Jakarta, Aktual.co —Perpanjang kerjasama dengan Freeport untuk enam bulan ke depan, pemerintah yang diwakili Kementerian Energi Sumber Daya dan Mineral (ESDM) dianggap tidak punya ketegasan. Pendapat itu disampaikan ekonom dari Universitas Brawijaya (UB) Malang, Jawa Timur, Prof Dr Ahmad Erani Yustika.
Kata Erani, pemerintah harusnya tak perpanjang kontrak dengan Freeport, meskipun hanya enam bulan. 
“Karena banyak hal yang diingkari oleh perusahaan asing yang mengeksplorasi tambang emas di Papua ini,” kata Guru besar Fakultas Ekonomi dan Bisnis (FEB) Universitas Brawijaya itu, di Malang, Jawa Timur, Selasa (27/1).
Salah satu hal yang diingkari Freeport, ujar dia, yakni belum juga dibangunnya smelter atau pengolahan bahan mentah jadi setengah jadi. Padahal kewajiban itu harusnya sudah direalisasikan sejak lima tahun lalu. Ditambah lagi dengan seringkali Freeport terlambat membayar royalti dan tidak terpenuhi. 
Mengacu pada kondisi itu, kata Erani, seharusnya pemerintah bersikap tegas dan tak tebang pilih.

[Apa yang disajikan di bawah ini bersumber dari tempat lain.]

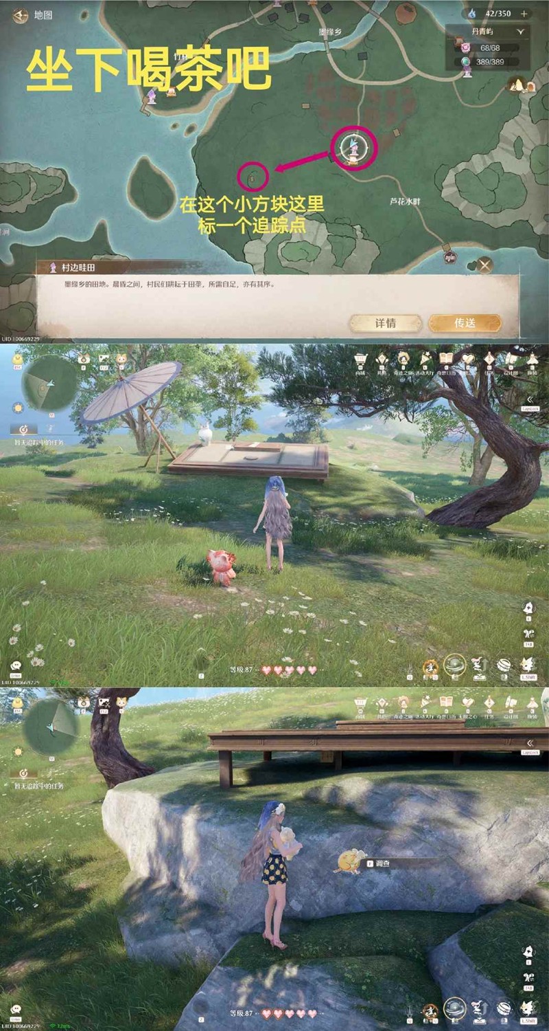 丹青屿「村边畦田」锚点,按图示标一个追踪点,点击追踪,来到追踪点看到一个小桌子,史丢丢就在桌子的下面

Perusahaan manapun yang tidak taat aturan harusnya ditindak tegad, tak terkecuali PT Freeport, bahkan perpanjangan kontrak yang baru ditandatangani itu, seharusnya tak perlu dilanjutkan.
Menyinggung perusahaan-perusahaan pertambangan lainnya yang beroperasi di Indonesia, Erani menyatakan banyak yang tidak taat peraturan. 
Di bidang perminyakan saja, katanya, puluhan perusahaan yang tidak taat aturan, belum lagi perusahaan besar dan kecil yang bergerak di bidang sumber daya alam lainnya, seperti batubara, gas, alumunium, dan timah.
Erani mencontohkan di bidang pertambangan, dari sekitar 11 ribu izin pertambangan yang dikeluarkan pemerintah, hanya sekitar dua ribu yang taat membayar pajak. “Praktik-praktik seperti itu masih belum tersentuh pengusutan dari penegak hukum,” ujarnya.